Nel cinema contemporaneo una storia che accontenti tutti deve essere quasi impossibile da trovare, eppure due classici degli anni trenta-quaranta sembrano riuscire in questo proverbiale intento: Il mago di Oz di Victor Fleming e La vita è meravigliosa di Frank Capra sono due film che incarnano, assieme, «la quintessenza della favolistica americana». Da questa premessa prende le mosse il documentario di Philippe, per poi passare, attraverso un efficace split screen, a mostrare come specifiche inquadrature e situazioni del Mago di Oz siano state riproposte quasi immutate nei film più diversi, da Star Wars di George Lucas a Fratello dove sei? dei fratelli Coen.

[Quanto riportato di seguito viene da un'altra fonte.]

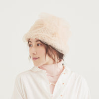 手仕事に手仕事を重ねた唯一無二の存在感のあるニット帽です。
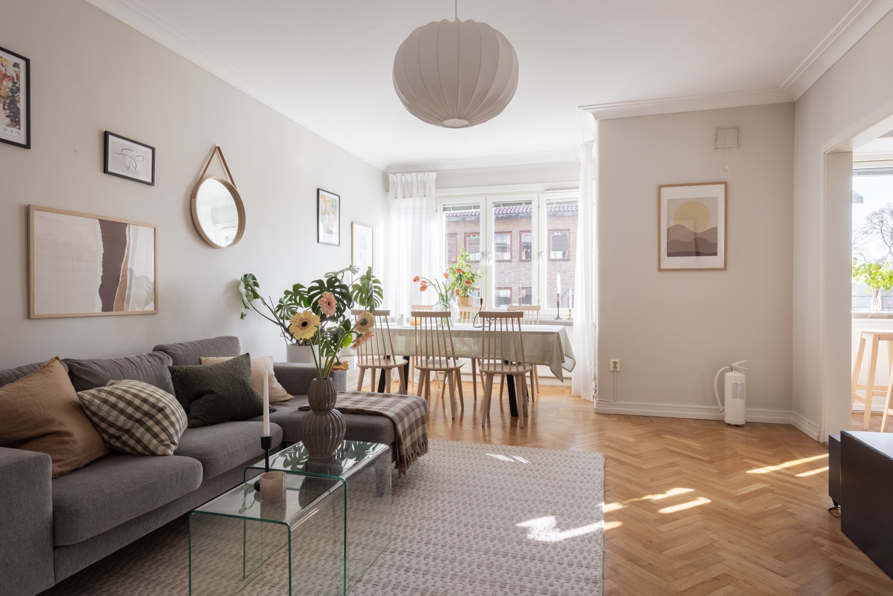 Vidare in möts man av det sociala vardagsrummet som erbjuder generösa sällskapsytor som kan möbleras med soffa, tv-bänk, matsalsbord, vitrinskåp och förvaringsskåp. Ett stort fönsterparti i söderläge bjuder på fantastiskt ljusinsläpp och skapar en härlig atmosfär. Golvet kläs av välbevarad ekparkett i klassiskt fiskbensmönster och väggarna är målade i ljusgrått med vit stuckatur.
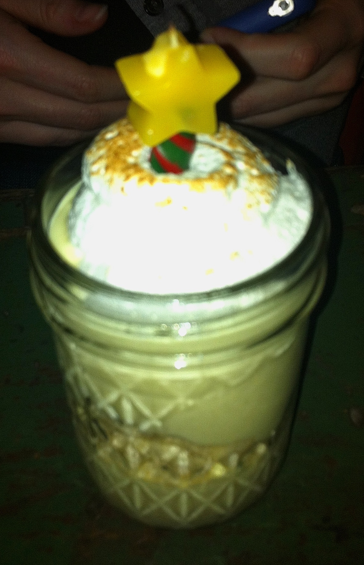 Dessert!! Banana pudding with salted Caramel. I am not the biggest of banana cream pie, and that’s pretty much what it was, but in a jar. However our awesome waiter, Dan Brown, brought out one with a candle.
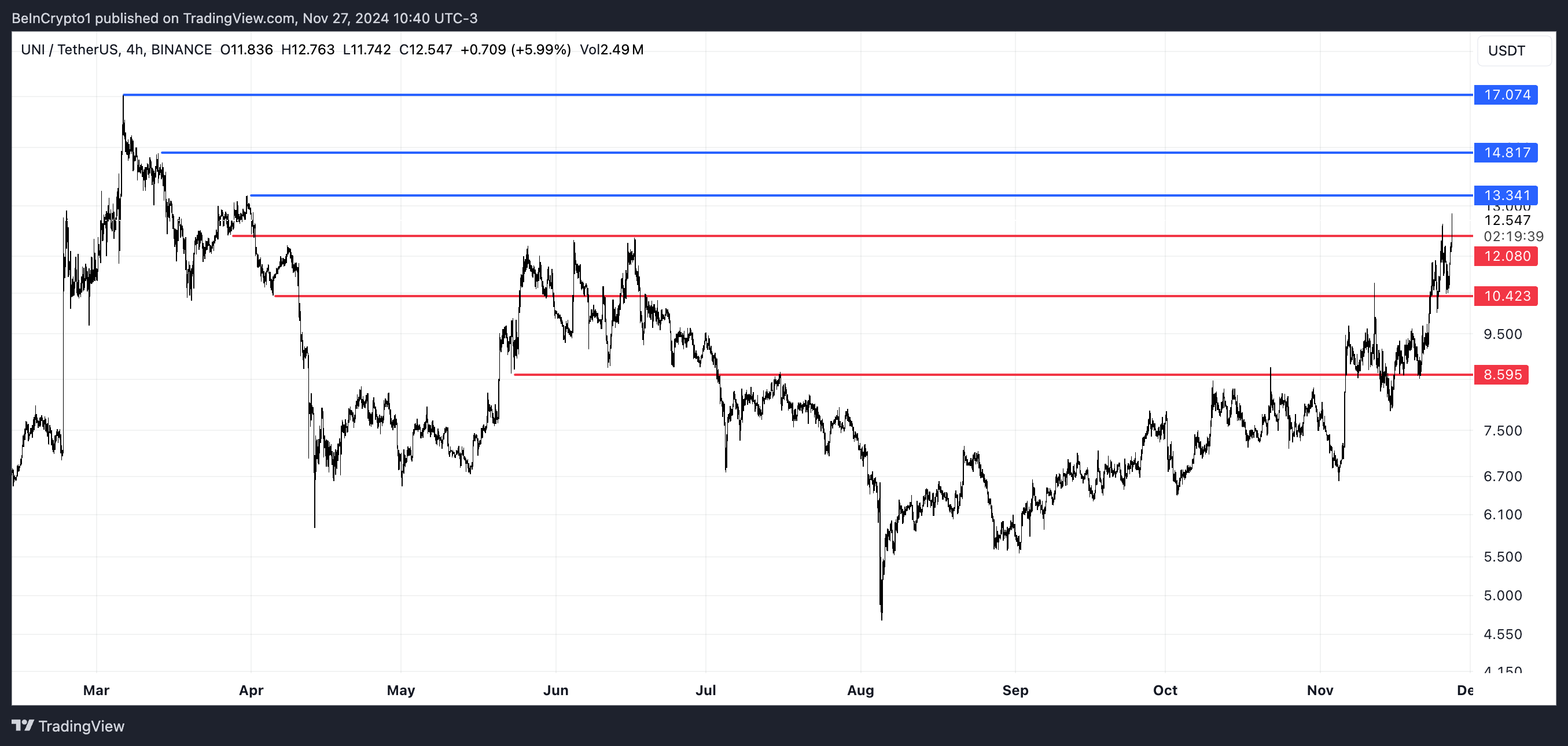 If the uptrend continues, UNI could test resistance at $13.3 and $14.8, with a potential push to $17, but a reversal could see it retest supports at $12 or drop to $8.59.
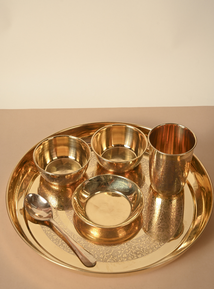 Brass Thali Set | Etching Thali Set | 1 plate 2 bowls 1 dessert plate 1 glass 1 spoon
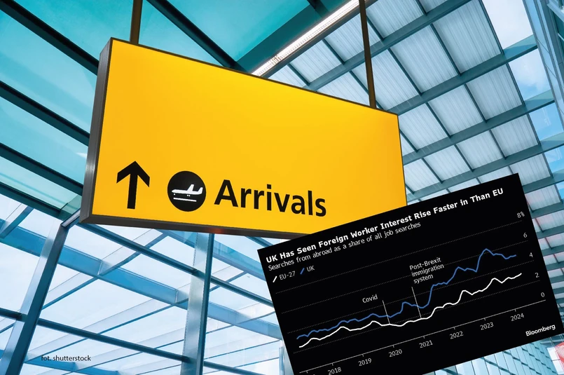 Jak podaje Bloomberg, zainteresowanie ofertami pracy w Wielkiej Brytanii na Indeed jest o 54 proc. wyższe niż przed Brexitem i pandemią. W pierwszej połowie 2024 r. wydano trzykrotnie więcej zezwoleń na pracę niż w 2019 r.
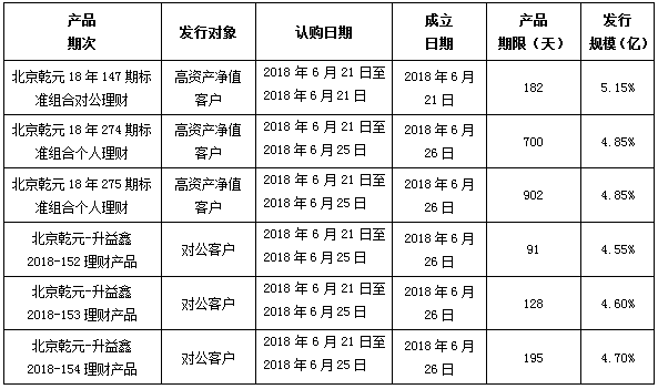 建行北京市分行理财产品发行公告2018年6月21日
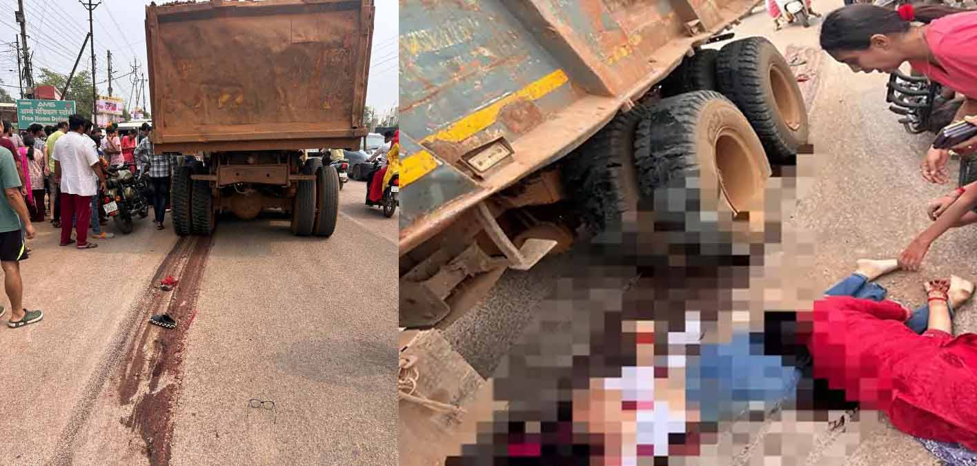 हाइवा की चपेट में आने से स्कूटी सवार युवती की मौत

Nel cinema americano però il regista che si è sempre dimostrato e dichiarato più vicino e più affezionato all’immaginario fondato da Il mago di Oz di Baum & Fleming è senza dubbio David Lynch. Classe 1946, Lynch aveva quattro o cinque anni quando lo vide per la prima volta in televisione e la pellicola della Disney, una delle prime a sfruttare al massimo le possibilità colorimetriche del Technicolor, sembra rappresentare per lui la scena originaria dell’immaginazione cinematografica lynchiana, fin nei simboli più reconditi. Riferimenti a Il mago di Oz possono essere riconosciuti in pressoché tutti i lavori di David Lynch per il cinema o per la televisione, dalla Palma d’oro per Cuore selvaggio, in primis, all’iconica serie Twin Peaks, dal tellurico Velluto blu fino a Strade Perdute. Del resto Lynch, reticentissimo fino all’estremo rispetto alla possibilità di parlare in maniera chiara del significato e delle ispirazioni dei suoi film, alla première newyorkese di Mulholland Drive accettò di rispondere, di fatto, a una sola domanda dal pubblico, quella del rapporto tra il suo penultimo lungometraggio e Il mago di Oz. La risposta fu, in tutta semplicità: «non passa un giorno senza che io non pensi al Mago di Oz». Sul tema è ritornato anche di recente, in un passaggio della sua lectio magistralis virtuale di filmmaking registrata per la celebre piattaforma Masterclass: «Il mago di Oz ha fatto sognare le persone per decenni. C’è qualcosa in quel film che è cosmico».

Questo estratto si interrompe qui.